── Data shown ──

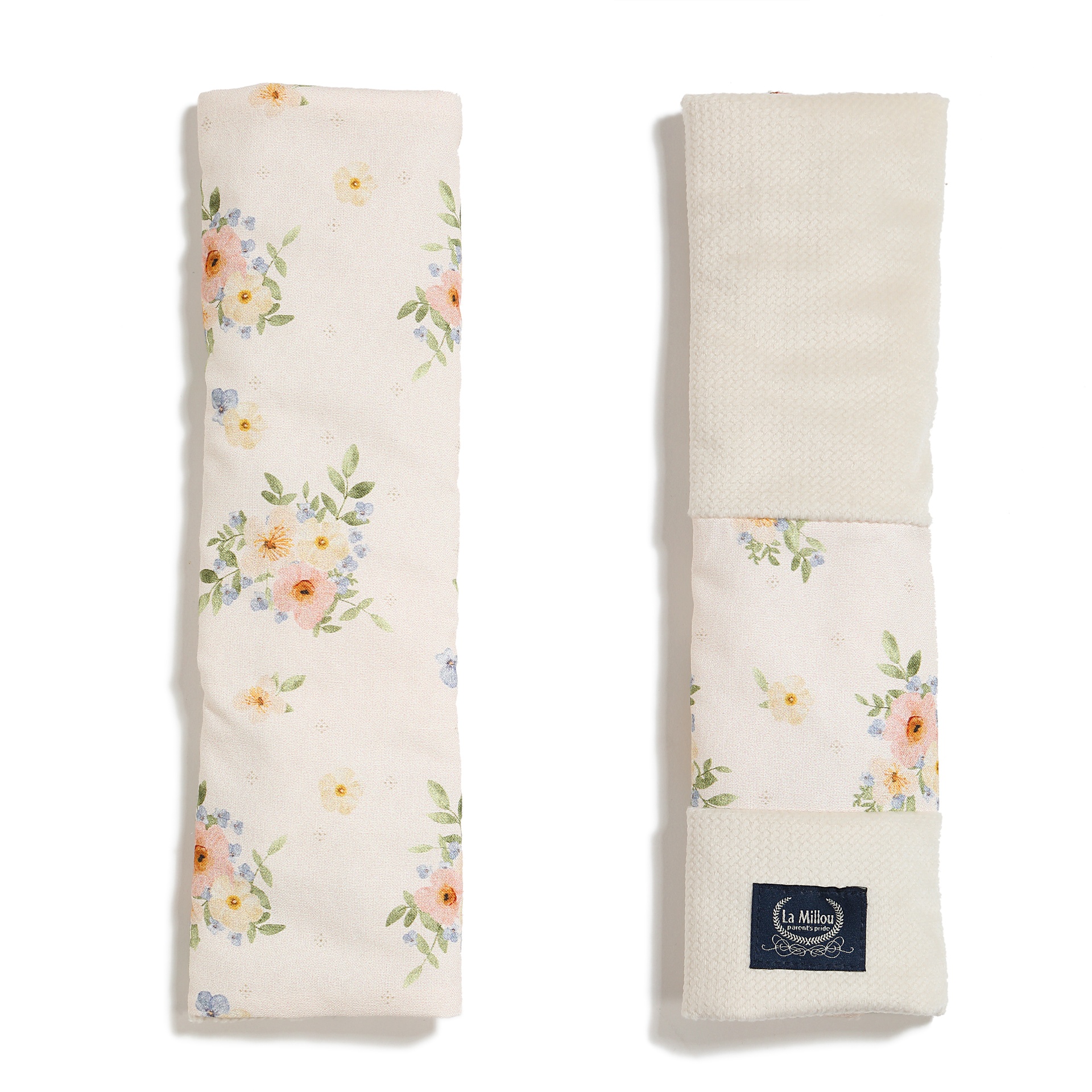 Vaikiškas saugos diržo apdangalas pasižymi aukšta kokybe ir dėmesiu detalėms. Jis pagamintas iš minkštų, švelnių medžiagų, kurios maloniai liečiasi prie odos ir kartu yra patvarios, atsparios kasdieniam naudojimui. Apdangalas dera su kitais jūsų kūdikio kelionės aksesuarais, pavyzdžiui, vežimėlio pagalvėlėmis ar antklodėmis, todėl visas komplektas tampa stilingas ir harmoningas.
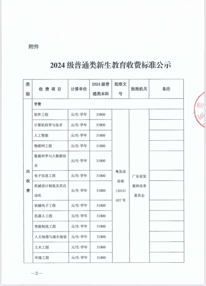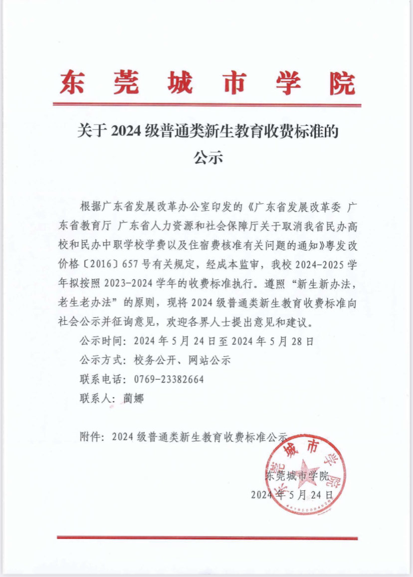 关于2024级普通类新生教育收费标准的公示
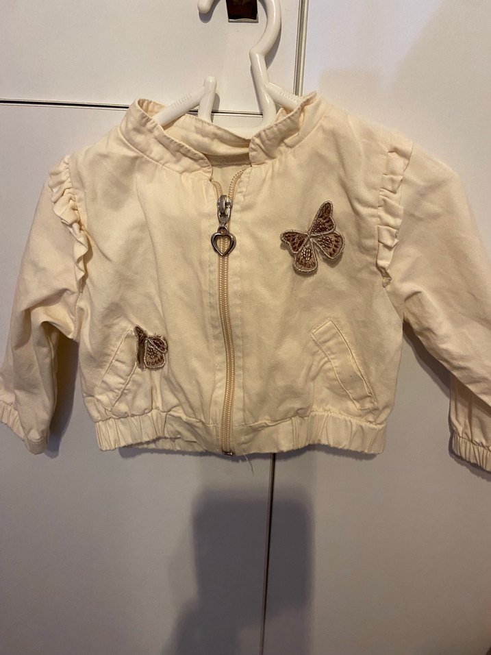 Kız Çocuk Kelebek Nakışlı Bej Ceket
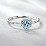 1 Carat Heart shape - Blue Topaz - December Birthstone Wedding Ring in 18k White Gold Over Silver
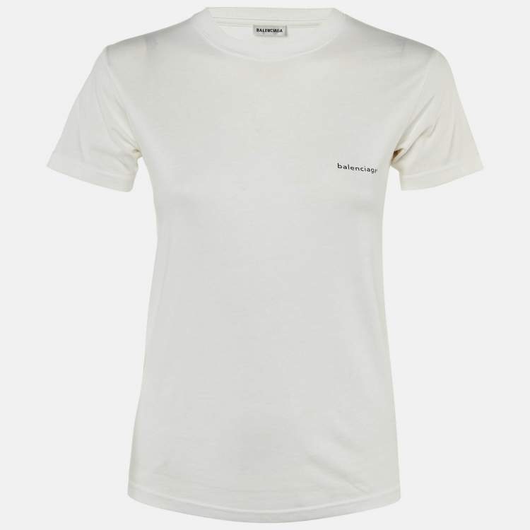 Balenciaga White Logo Print Cotton Crew Neck T-Shirt XS
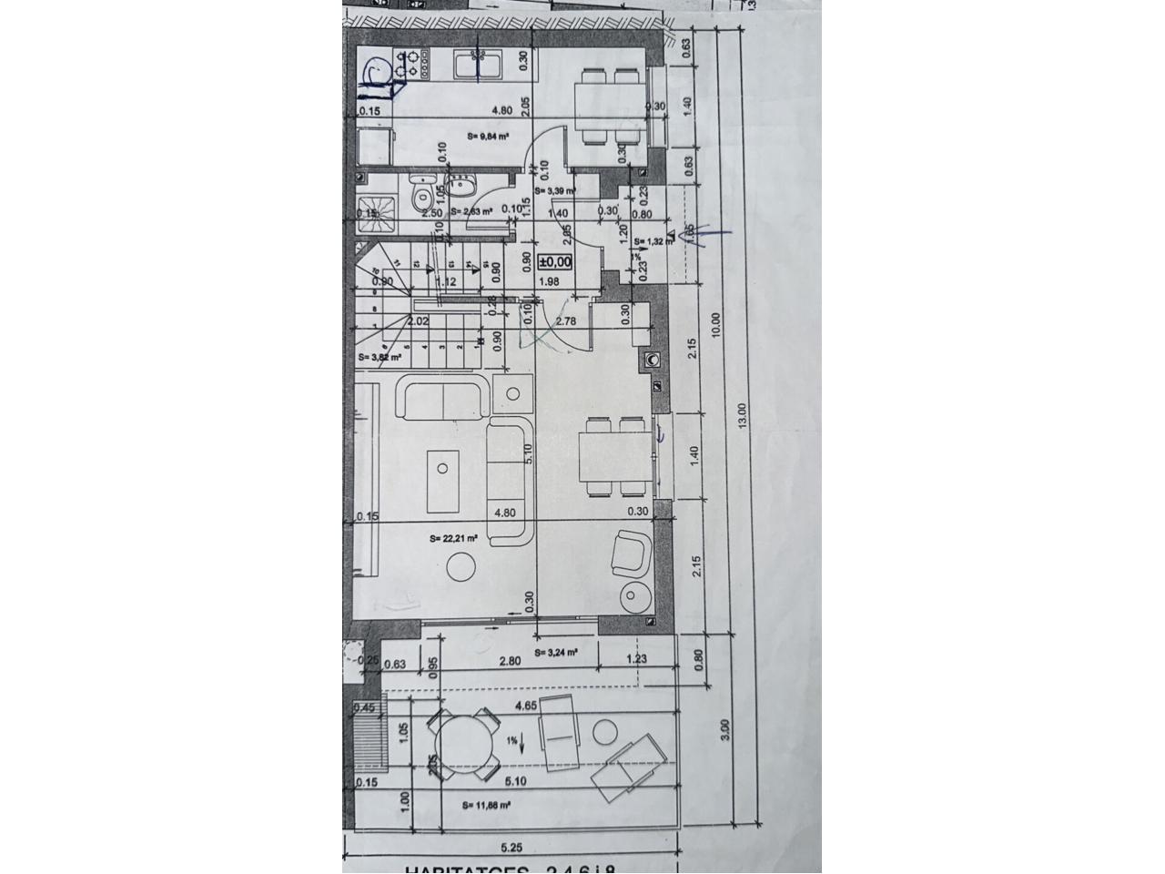 · Planta superior: dues habitacions dobles, una amb sortida a balcó i vistes al mar i una altra amb accés al jardí privat posterior (75 m2). Disposa a més d'un ampli distribuïdor i un bany complet amb plat de dutxa.
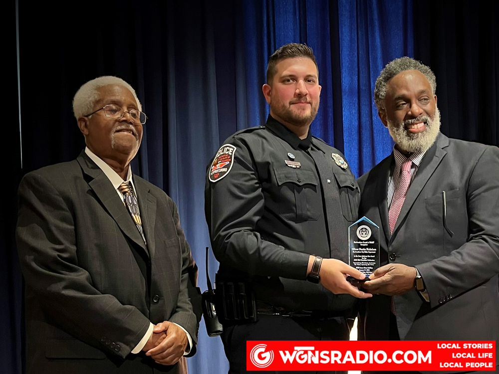 MURFREESBORO, TN (WGNS News) - Officer Dustin Nicholson was recognized Saturday (1/17/2026) with the Jerry Anderson Hero Award, presented by the NAACP Murfreesboro Branch during the annual MLK Breakfast at Middle Tennessee State University. The honor follows Nicholson’s decisive and compassionate response on Dec. 23, 2025, when he pulled a woman to safety from the I‑24 overpass at Old Fort Parkway after she had climbed over the guardrail.
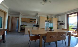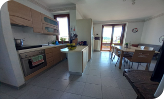 -luminosa zona giorno con sala e cucina tinello;
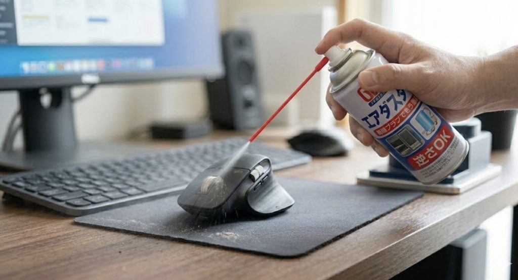 ゴミの詰まりが原因かもしれない場合、エアダスターを使ってマウスの隙間から勢いよく空気を吹き込んでみてください。スイッチ付近のホコリやゴミが吹き飛ぶことで、以前のような軽い正常なクリック感をすぐに取り戻せます。
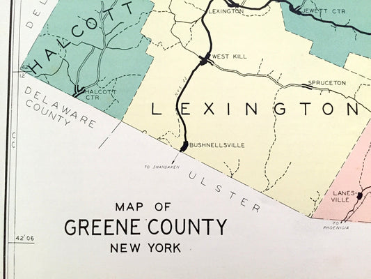 Antique Greene County, New York 1941 Historical Atlas Map – Catskill, Athens, Coxsackie, Cairo, Greenville, Prattsville, West Kill Hudson NY
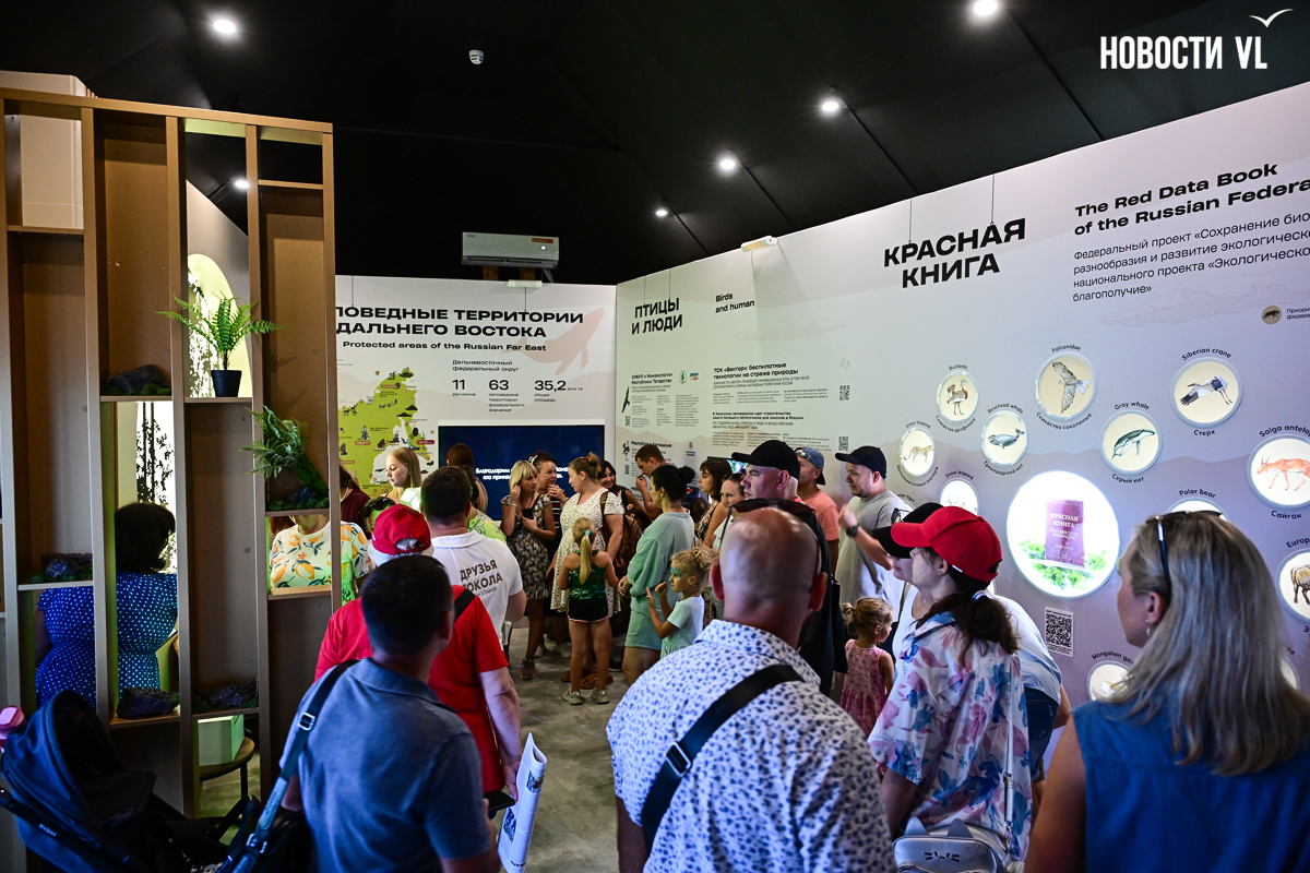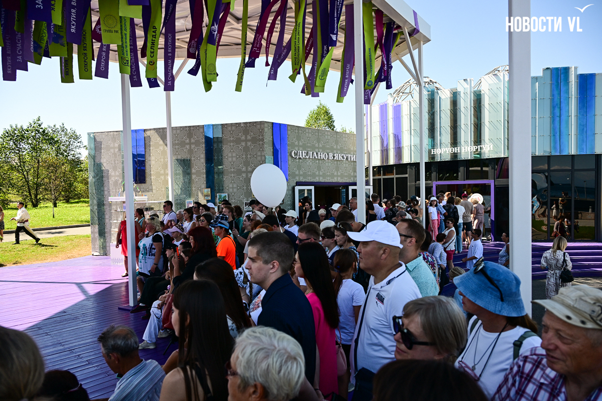 Очереди собираются и ко всем павильонам. Во-первых, там прохладно из-за кондиционеров, во-вторых, горожане надеются увидеть «звёзд» выставки – якутского мамонтёнка Яну, Кибер-Гошу и соколов. Попасть в павильон Якутии у корреспондентов Новостей VL.ru не получилось, как и многим, кто отчаялся стоять в очереди. А вот Гошу и соколов уже увезли. Первый уже летит в Москву, а вторых спрятали, чтобы не нервничали. Чайный дом с бесплатными угощениями тоже закрыт.
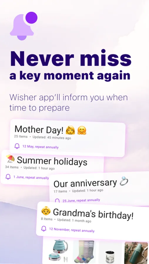 • Everything is organized by collections. We keep up with holidays, cool events, and popular stores. Wisher is the perfect way to organize your wishes, plans, and big dreams.
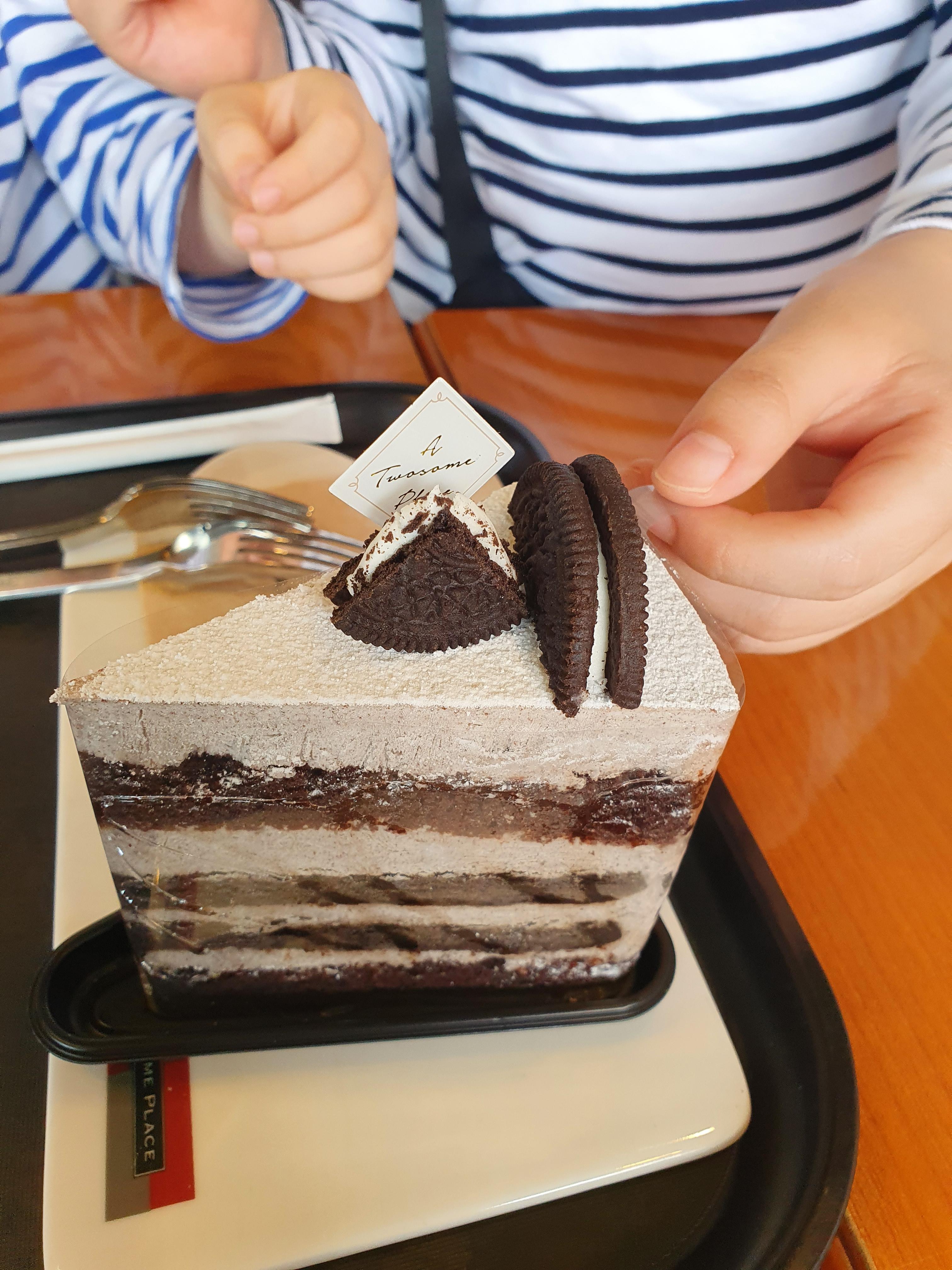 아이들 당을 충전을 위해서 쿠키앤크림 조각케익도 하나 샀습니다.

───

Task directions >> Dropping every picture, restate the material word for word.

Problem solution >>
 Vaikiškas saugos diržo apdangalas pasižymi aukšta kokybe ir dėmesiu detalėms. Jis pagamintas iš minkštų, švelnių medžiagų, kurios maloniai liečiasi prie odos ir kartu yra patvarios, atsparios kasdieniam naudojimui. Apdangalas dera su kitais jūsų kūdikio kelionės aksesuarais, pavyzdžiui, vežimėlio pagalvėlėmis ar antklodėmis, todėl visas komplektas tampa stilingas ir harmoningas.
 关于2024级普通类新生教育收费标准的公示
 Kız Çocuk Kelebek Nakışlı Bej Ceket
 1 Carat Heart shape - Blue Topaz - December Birthstone Wedding Ring in 18k White Gold Over Silver
 Balenciaga White Logo Print Cotton Crew Neck T-Shirt XS
 · Planta superior: dues habitacions dobles, una amb sortida a balcó i vistes al mar i una altra amb accés al jardí privat posterior (75 m2). Disposa a més d'un ampli distribuïdor i un bany complet amb plat de dutxa.
 MURFREESBORO, TN (WGNS News) - Officer Dustin Nicholson was recognized Saturday (1/17/2026) with the Jerry Anderson Hero Award, presented by the NAACP Murfreesboro Branch during the annual MLK Breakfast at Middle Tennessee State University. The honor follows Nicholson’s decisive and compassionate response on Dec. 23, 2025, when he pulled a woman to safety from the I‑24 overpass at Old Fort Parkway after she had climbed over the guardrail.
 -luminosa zona giorno con sala e cucina tinello;
 ゴミの詰まりが原因かもしれない場合、エアダスターを使ってマウスの隙間から勢いよく空気を吹き込んでみてください。スイッチ付近のホコリやゴミが吹き飛ぶことで、以前のような軽い正常なクリック感をすぐに取り戻せます。
 Antique Greene County, New York 1941 Historical Atlas Map – Catskill, Athens, Coxsackie, Cairo, Greenville, Prattsville, West Kill Hudson NY
 Очереди собираются и ко всем павильонам. Во-первых, там прохладно из-за кондиционеров, во-вторых, горожане надеются увидеть «звёзд» выставки – якутского мамонтёнка Яну, Кибер-Гошу и соколов. Попасть в павильон Якутии у корреспондентов Новостей VL.ru не получилось, как и многим, кто отчаялся стоять в очереди. А вот Гошу и соколов уже увезли. Первый уже летит в Москву, а вторых спрятали, чтобы не нервничали. Чайный дом с бесплатными угощениями тоже закрыт.
 • Everything is organized by collections. We keep up with holidays, cool events, and popular stores. Wisher is the perfect way to organize your wishes, plans, and big dreams.
 아이들 당을 충전을 위해서 쿠키앤크림 조각케익도 하나 샀습니다.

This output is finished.